To examine how activation of the coagulation fibrinolysis correlates with leukoaraiosis and dementia.
Patients and Methods
Thrombin-antithrombin complex (TAT), prothrombin fragment1 + 2 (F1 + 2) and cross-linked D-dimer (XDP) were measured consecutively in 18 subjects without dementia and with leukoaraiosis, and in 29 subjects with subcortical vascular dementia and severe leukoaraiosis (Binswanger disease) at either stable or deteriorating stages. They were compared with 19 patients with old lacunar infarctions and 24 patients with other neurological diseases. We also examined the indices of cognitive impairment and brain atrophy. In each group, the ventricular area–cranial space area ratio was measured by an image analyzer.
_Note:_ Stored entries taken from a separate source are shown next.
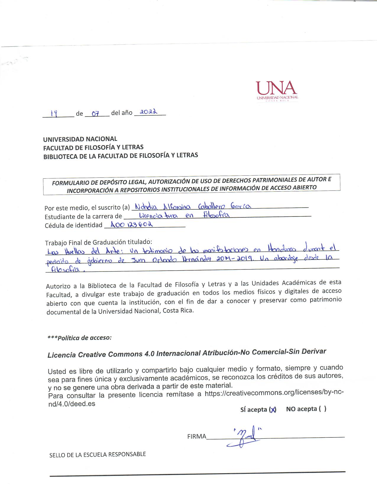 Las huellas del arte : un testimonio de las manifestaciones en Honduras durante el periodo de gobierno de Juan Orlando Hernández 2014-2019. Un abordaje desde la filosofía.
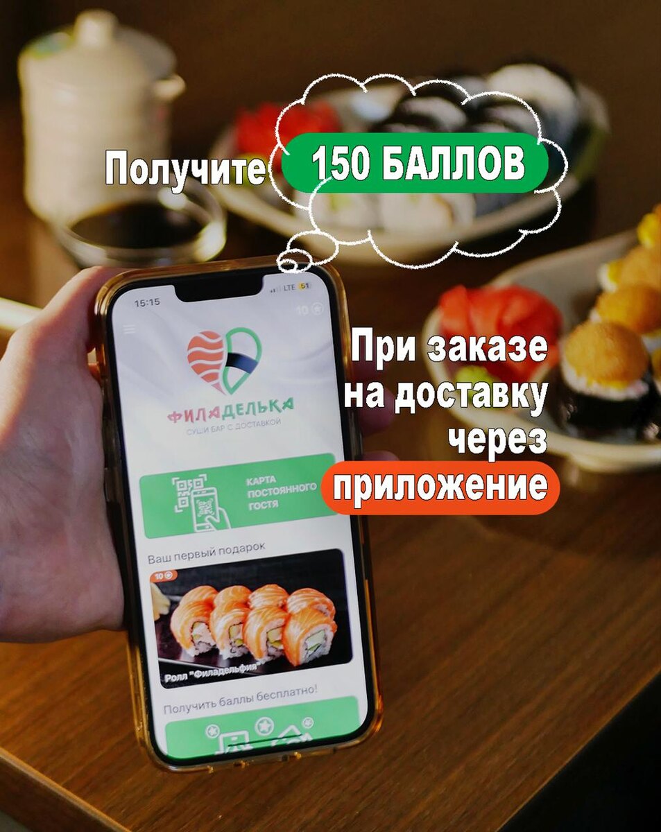 "! 🎉🍣 Друзья, встречайте новый год с радостью и бонусами от нашего любимого суши-бара «Филаделька» 😋 ✨ Мы решили сделать вам новогодний подарок: весь январь при каждом заказе на доставку через наше приложение мы добавляем целых 150 дополнительных баллов. Просто представьте себе этот волшебный фейерверк из бонусов прямо у вас в телефоне! 📲 Чтобы получить свои новогодние подарки, просто скачайте или откройте наше приложение по ссылке: https://referral.loyaltyplant.com/lp/sushibarinyan Затем сделайте заказ своих любимых роллов, а наши дополнительные бонусы появятся там сами собой – никаких лишних движений, всё будет быстро и удобно 😌 Итак, приготовьтесь к тому, что каждый ваш заказ станет еще вкуснее и приятнее благодаря нашим новогодним сюрпризам! 👀😉 Не упустите возможность начать Новый год вкусно и выгодно вместе с нами! Ждём вас за праздничным столом ❤️ С любовью, команда "Филадельки".
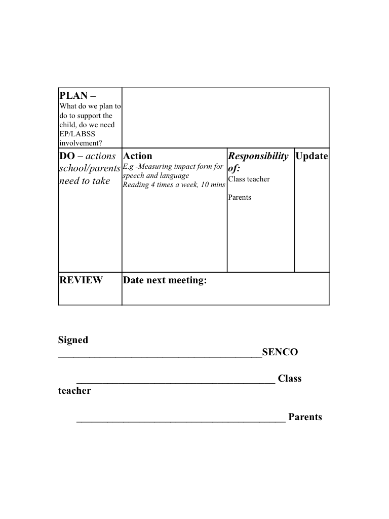 I lead the parent consultation meetings with your child’s class teacher, yourself, and if appropriate your child where we discuss your child’s strengths and areas of concern, from this an action plan is created which everyone is part of and accountable for.
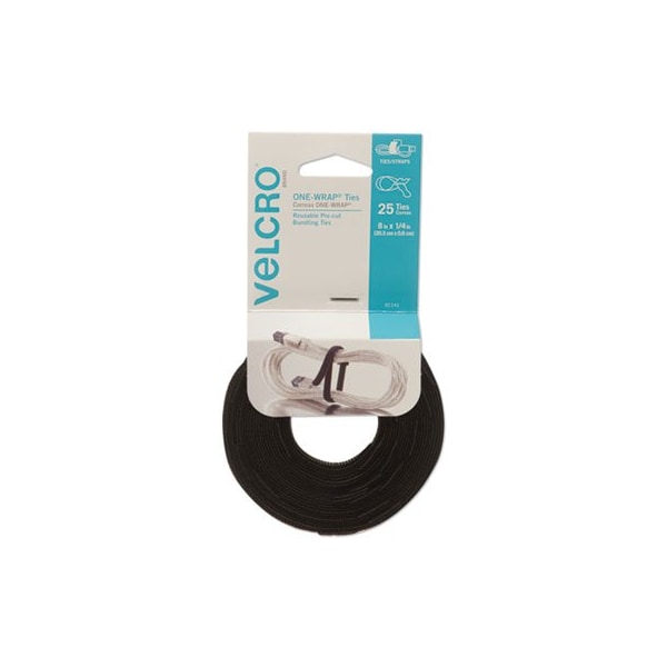VELCRO Brand ONE-WRAP Ties and Straps are ideal for organizing and harnessing data cables, electrical wires, and fiber optics. The simple one-piece design wraps onto itself for a secure hold. Reusable, low profile, and economical option for fastening wires and organizing cords. Pre-Cut Thin Ties. Hook and Loop Fastener Type: Tie; Suggested Use: Indoor Light-Duty; Colors: Black; Tape Pad Size: 0.25in x 8in.
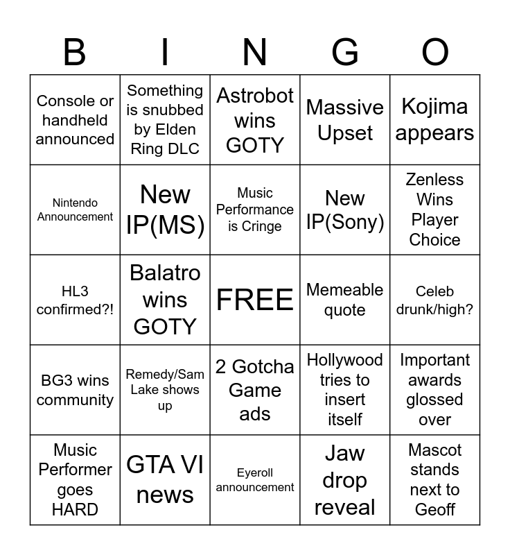 This bingo card has a free space and 24 words: Remedy/Sam Lake shows up, GTA VI news, Music Performance is Cringe, Music Performer goes HARD, Kojima appears, Console or handheld announced, Nintendo Announcement, Something is snubbed by Elden Ring DLC, Memeable quote, 2 Gotcha Game ads, New IP(Sony), HL3 confirmed?!, Hollywood tries to insert itself, Important awards glossed over, New IP(MS), Jaw drop reveal, Celeb drunk/high?, Astrobot wins GOTY, Zenless Wins Player Choice, Balatro wins GOTY, Mascot stands next to Geoff, BG3 wins community, Massive Upset and Eyeroll announcement.

Patients with Binswanger disease who were exclusively at deteriorating stages showed increased TAT and XDP levels and an increased ventricular area–cranial space area ratio, as compared with the patients with other neurological diseases (P<.001). The index of cognitive impairment in patients at a deteriorating stage showed a decreasing trend vs that of patients in the stable stage. Among the variables that were significantly associated with a hypercoagulable condition (ie, age, scores on Mini-Mental State Examination or the Hasegawa Dementia Rating Scale, Revised [MMSE/HDRS], white matter lesions, ventricular area–cranial space area ratio, and C-reactive protein), age (odds ratio [OR], 2.82) and MMSE/HDSR scores (OR, 0.43) survived as predictors for coagulation activation, and C-reactive protein survived for fibrinolysis activation (OR, 4.63) in multivariate analysis.
Hypercoagulability in a subgroup of patients with Binswanger disease and with more severe cognitive impairment and brain atrophy does not support a triggering role for a coagulation-fibrinolysis system, although it may contribute to worsening of neurological deficits.
BINSWANGER DISEASE (BD) is a form of vascular dementia characterized by diffuse white matter lesions and a varying degree of lacunar infarction in the basal ganglia and white matter.1 Its pathogenesis still remains uncertain, but fibrohyalinosis of the medullary arteries resulting from long-standing hypertension has been thought to cause the white matter lesions.2,3
Previous investigations have revealed hematological disorders in patients with BD. β-Thromboglobulin, a marker of platelet activation, increases in blood samples obtained from the internal jugular veins of patients with BD, indicating the activation of platelets in the cerebral circulation.4 In patients with dementia, the coagulation-fibrinolysis system is also activated,5 especially in those with vascular dementia.6 Although there has been no established therapy until recently, these observations may open a new avenue for the treatment of vascular dementia with antiplatelet or antithrombin drugs.7,8
White matter lesions in small-artery diseases have previously been shown to correlate with von Willebrand factor activity, but inversely with antithrombin III, an inhibitory factor of the coagulation system regardless of cognitive impairment.9 In our previous study,10 the coagulation markers were increased at the later stages of BD; however, it remains unclear whether white matter lesions without cognitive impairment are also associated with hypercoagulability. Our hypothesis is that there may be a causal relationship between hypercoagulability and dementia. To understand whether this may be a trigger or epiphenomenon during cognitive decline, it is important to assess the coagulation-fibrinolysis system during the preclinical or early stages of subcortical vascular dementia. In the present study, we determined the causes of coagulation-fibrinolysis system activation in patients with white matter lesions, manifesting dementia, or no dementia and compared them with those in subjects with normal white matter as the control group.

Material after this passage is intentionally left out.